» **The records**:
════════════════════

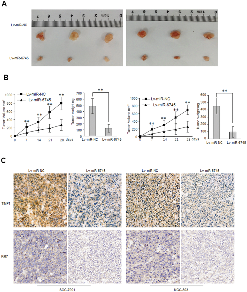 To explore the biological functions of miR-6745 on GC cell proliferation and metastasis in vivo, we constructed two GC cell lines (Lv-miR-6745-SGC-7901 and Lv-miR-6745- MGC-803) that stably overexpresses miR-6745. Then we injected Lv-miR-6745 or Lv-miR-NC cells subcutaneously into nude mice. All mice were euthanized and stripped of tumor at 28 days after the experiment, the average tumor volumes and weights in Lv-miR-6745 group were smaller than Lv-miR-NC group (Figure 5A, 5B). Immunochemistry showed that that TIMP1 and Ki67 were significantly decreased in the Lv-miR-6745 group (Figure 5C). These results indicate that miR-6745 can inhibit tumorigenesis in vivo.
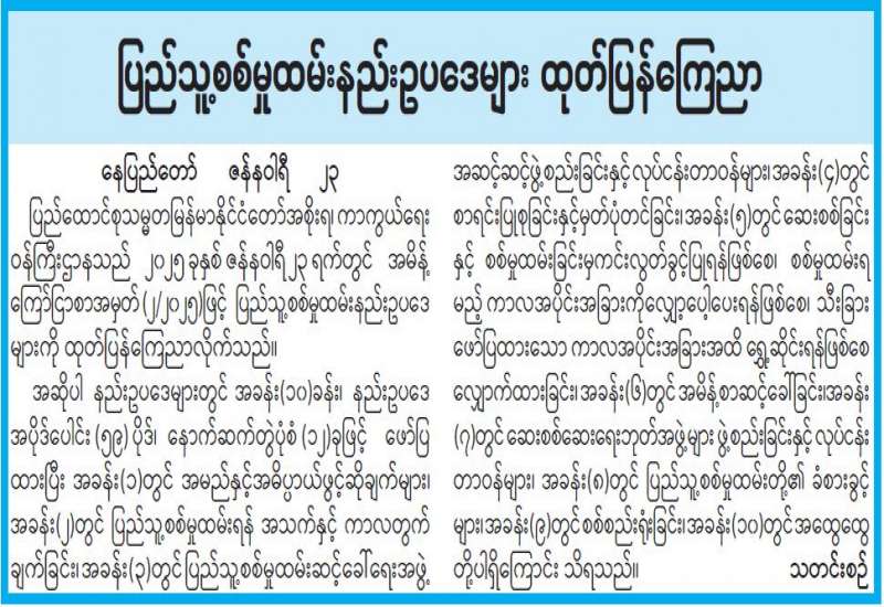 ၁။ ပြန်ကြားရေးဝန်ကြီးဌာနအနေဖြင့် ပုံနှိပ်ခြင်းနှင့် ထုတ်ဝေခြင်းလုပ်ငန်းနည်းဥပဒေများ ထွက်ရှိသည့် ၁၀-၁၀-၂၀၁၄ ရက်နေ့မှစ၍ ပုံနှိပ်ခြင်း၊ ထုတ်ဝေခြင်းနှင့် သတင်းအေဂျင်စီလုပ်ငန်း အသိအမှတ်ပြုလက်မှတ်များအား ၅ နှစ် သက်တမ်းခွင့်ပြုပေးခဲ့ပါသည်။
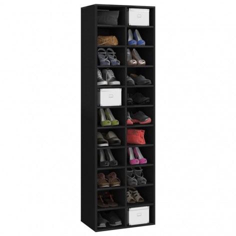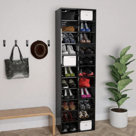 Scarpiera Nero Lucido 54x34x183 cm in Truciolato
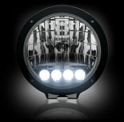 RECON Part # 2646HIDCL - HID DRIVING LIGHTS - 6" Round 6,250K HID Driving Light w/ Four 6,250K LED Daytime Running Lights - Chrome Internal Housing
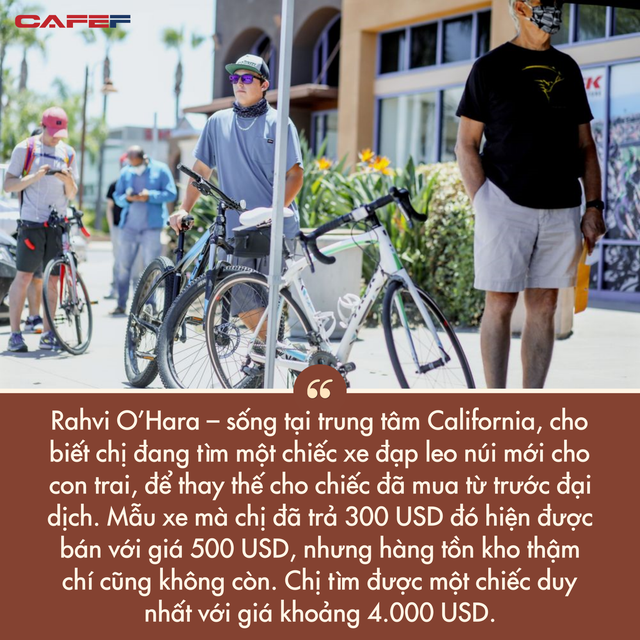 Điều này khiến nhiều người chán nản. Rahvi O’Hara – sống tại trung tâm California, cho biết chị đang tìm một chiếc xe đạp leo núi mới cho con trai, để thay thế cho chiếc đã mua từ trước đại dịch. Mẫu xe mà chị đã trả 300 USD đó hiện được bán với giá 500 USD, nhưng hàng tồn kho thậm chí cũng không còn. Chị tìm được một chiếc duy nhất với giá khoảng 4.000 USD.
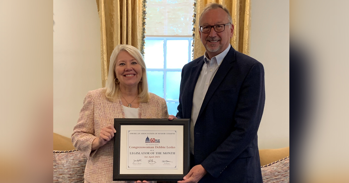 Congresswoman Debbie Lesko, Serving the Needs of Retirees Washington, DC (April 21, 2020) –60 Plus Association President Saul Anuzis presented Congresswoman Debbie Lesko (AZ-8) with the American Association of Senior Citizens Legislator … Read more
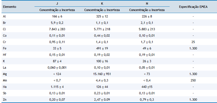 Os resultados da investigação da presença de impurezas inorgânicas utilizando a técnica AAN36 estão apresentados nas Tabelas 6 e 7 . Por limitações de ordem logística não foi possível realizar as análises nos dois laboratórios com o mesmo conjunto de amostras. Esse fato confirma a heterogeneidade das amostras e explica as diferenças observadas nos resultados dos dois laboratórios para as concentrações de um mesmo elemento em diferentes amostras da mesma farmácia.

════════════════════

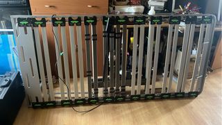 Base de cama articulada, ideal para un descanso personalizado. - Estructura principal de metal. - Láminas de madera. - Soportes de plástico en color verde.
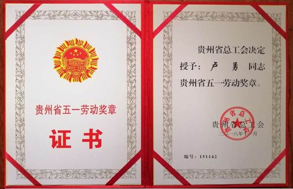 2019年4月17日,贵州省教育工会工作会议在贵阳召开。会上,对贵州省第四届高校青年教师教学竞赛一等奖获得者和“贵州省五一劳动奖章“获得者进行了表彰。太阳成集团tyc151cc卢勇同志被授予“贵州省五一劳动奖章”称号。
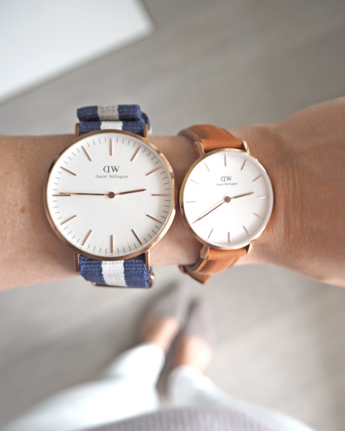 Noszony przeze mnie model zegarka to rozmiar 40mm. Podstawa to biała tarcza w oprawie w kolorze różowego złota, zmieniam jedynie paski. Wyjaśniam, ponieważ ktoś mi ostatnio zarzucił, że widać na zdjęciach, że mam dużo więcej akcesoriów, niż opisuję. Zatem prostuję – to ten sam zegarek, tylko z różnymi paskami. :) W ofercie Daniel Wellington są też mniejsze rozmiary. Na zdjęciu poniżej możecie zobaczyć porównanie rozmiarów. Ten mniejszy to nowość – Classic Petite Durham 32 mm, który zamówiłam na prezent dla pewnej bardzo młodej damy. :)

════════════════════

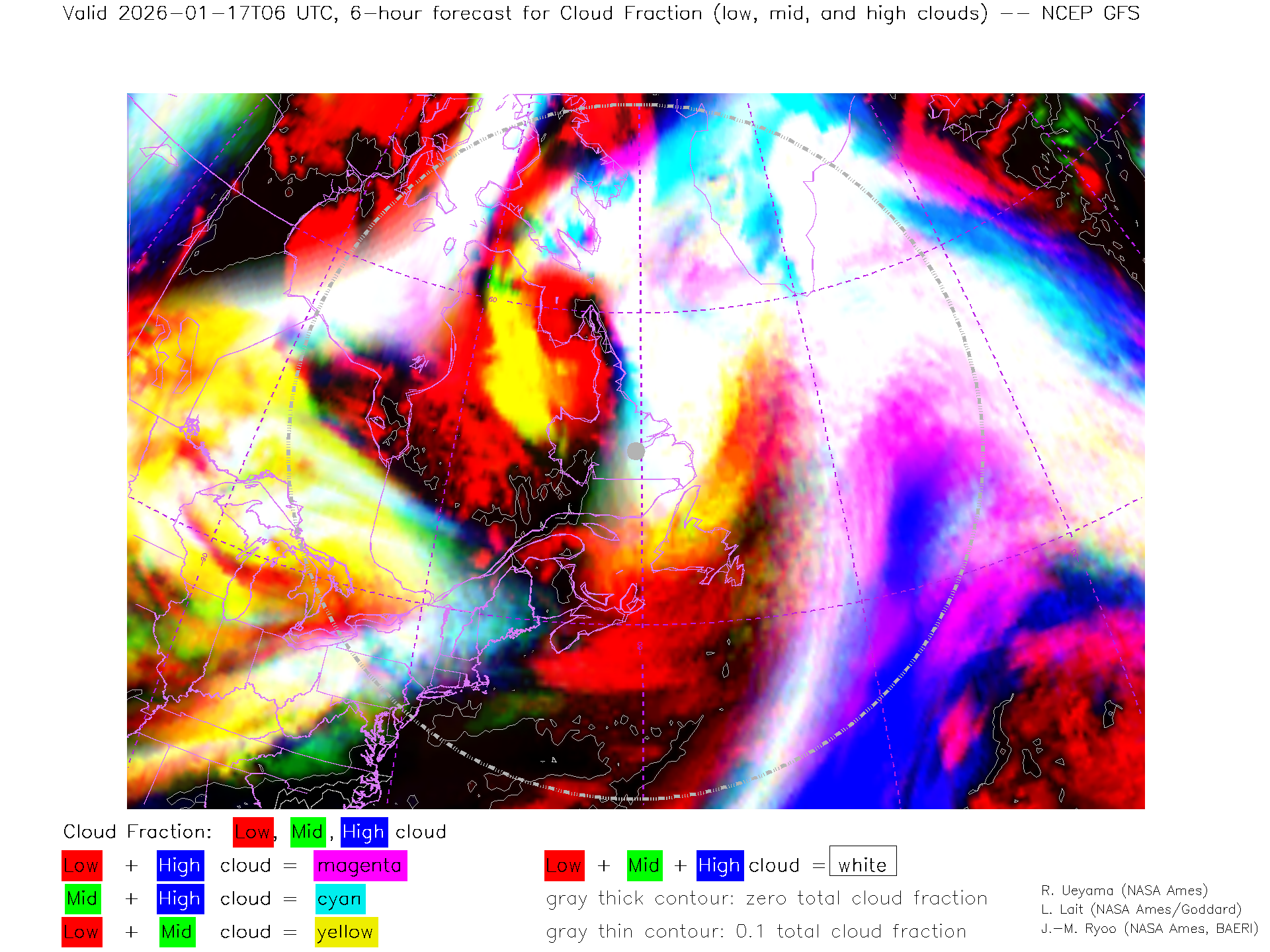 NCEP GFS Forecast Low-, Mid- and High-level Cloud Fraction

════════════════════

» **What you have to do**: Restate word for word every line from the one with "RECON Part #" up to and including the one with "Os resultados da" in the records above, minus the pictures.

» **Solution for this problem**:
 RECON Part # 2646HIDCL - HID DRIVING LIGHTS - 6" Round 6,250K HID Driving Light w/ Four 6,250K LED Daytime Running Lights - Chrome Internal Housing
 Điều này khiến nhiều người chán nản. Rahvi O’Hara – sống tại trung tâm California, cho biết chị đang tìm một chiếc xe đạp leo núi mới cho con trai, để thay thế cho chiếc đã mua từ trước đại dịch. Mẫu xe mà chị đã trả 300 USD đó hiện được bán với giá 500 USD, nhưng hàng tồn kho thậm chí cũng không còn. Chị tìm được một chiếc duy nhất với giá khoảng 4.000 USD.
 Congresswoman Debbie Lesko, Serving the Needs of Retirees Washington, DC (April 21, 2020) –60 Plus Association President Saul Anuzis presented Congresswoman Debbie Lesko (AZ-8) with the American Association of Senior Citizens Legislator … Read more
 Os resultados da investigação da presença de impurezas inorgânicas utilizando a técnica AAN36 estão apresentados nas Tabelas 6 e 7 . Por limitações de ordem logística não foi possível realizar as análises nos dois laboratórios com o mesmo conjunto de amostras. Esse fato confirma a heterogeneidade das amostras e explica as diferenças observadas nos resultados dos dois laboratórios para as concentrações de um mesmo elemento em diferentes amostras da mesma farmácia.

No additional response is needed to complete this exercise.